Robertson Construction Group
2019RIBA Stirling Prize shortlist
2019RIAS Award for Scotland 2019
2019RIAS Special Category Award - Wood for Good/Scottish Forestry Commission for the Best Use of Timber
2019ArchDaily Building of the Year 2019 - Industrial Architecture
2018Structural Timber Awards - Winner of Winners
2018Structural Timber Awards - Engineer of the Year
2018Structural Timber Awards - Highly Commended Project of the Year
2018Scottish Design Awards - Leisure/Culture Building or Project
Macallan Distillery and Visitor Experience:
Rogers Stirk Harbour and Partners
The Macallan Distillery and Visitor Experience was designed to deliver a unique ‘home of the brand’, welcoming visitors and revealing the production processes involved in whiskey making. The aim was also to respond as sensitively as possible to its rural setting, the 18th-century Easter Elchies manor estate in Speyside that has been responsible for creating whisky since 1824.
Cut into the naturally sloping contours of the site, the design makes direct references to ancient Scottish earthworks in terms of its 207 metres long undulating living meadow roof, along with wider landscaping, that not only synchronises with the surrounding landscape but also serves to provide an authentic and atmospheric journey for the visitor.
Internally, a series of circular production ‘cells’ are arranged in a linear format with an open-plan layout revealing all stages of the distillery process at once. These cells, and the new visitor centre, are reflected above the building forming the peaks or domes of the gently undulating roof.
Use of timber
The utilisation of material to maximise its capacity was key to the engineering strategy. In what is one of the most challenging timber structures ever built in the UK, the downstand composite Glulam beams that form the roof are placed where their lightness and bending capacity can be demonstrated. In areas of additional shear stress, Laminated Veneer Lumber (LVL) beams, facetted on a 3 x 3 m waffle grid structure, have been mobilised to assist. The domes of the timber grillage sit on a steel tension ring, which in turn is supported by inclined steel columns that bear the resulting thrusts into the concrete shear walls and thus into the ground. By separating the roof from the earth, lateral pressures are relieved, allowing the roof to ‘float’ above.

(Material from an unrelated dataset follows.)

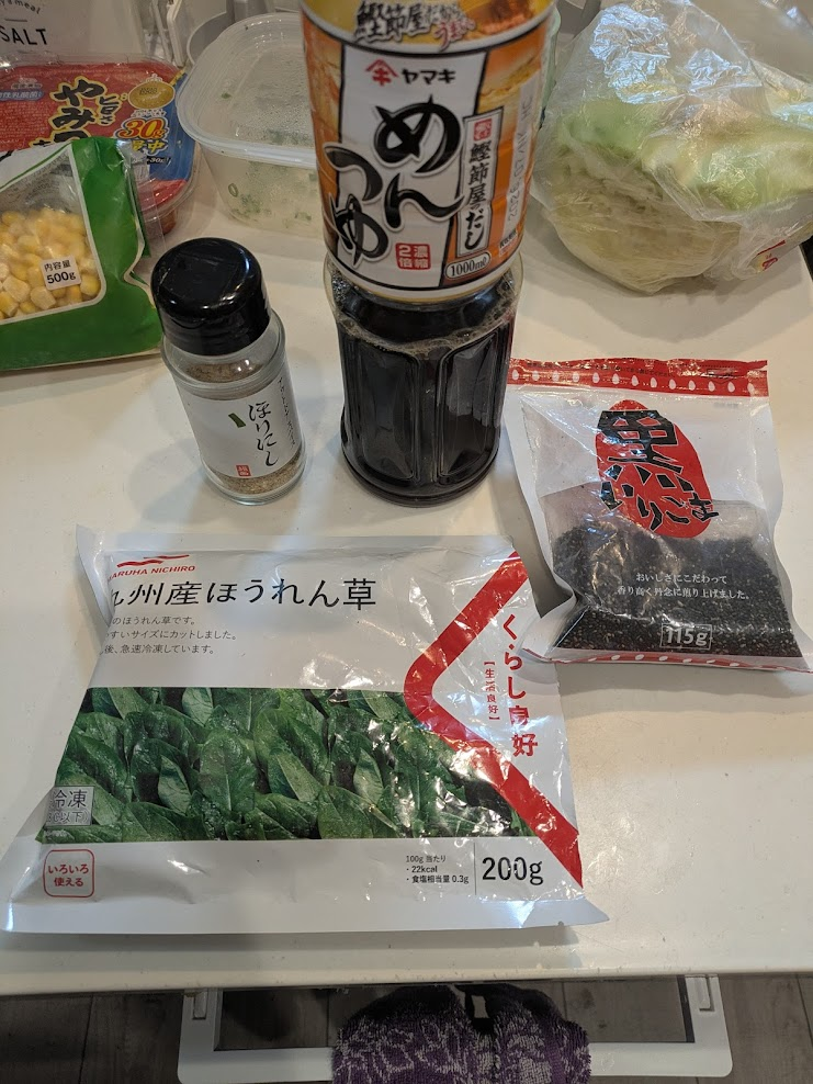 材料:冷凍ほうれん草・めんつゆ・鰹節

Constructed over a six-month period, the new building not only provides a facility capable of increased production but one that will allow for easy expansion in years to come. The project is also considered to be an exceptional example of production and logistics using offsite construction, bringing together architect, engineer and manufacturer, working collaboratively, to solve all the issues required to bring such an ambitious concept to reality.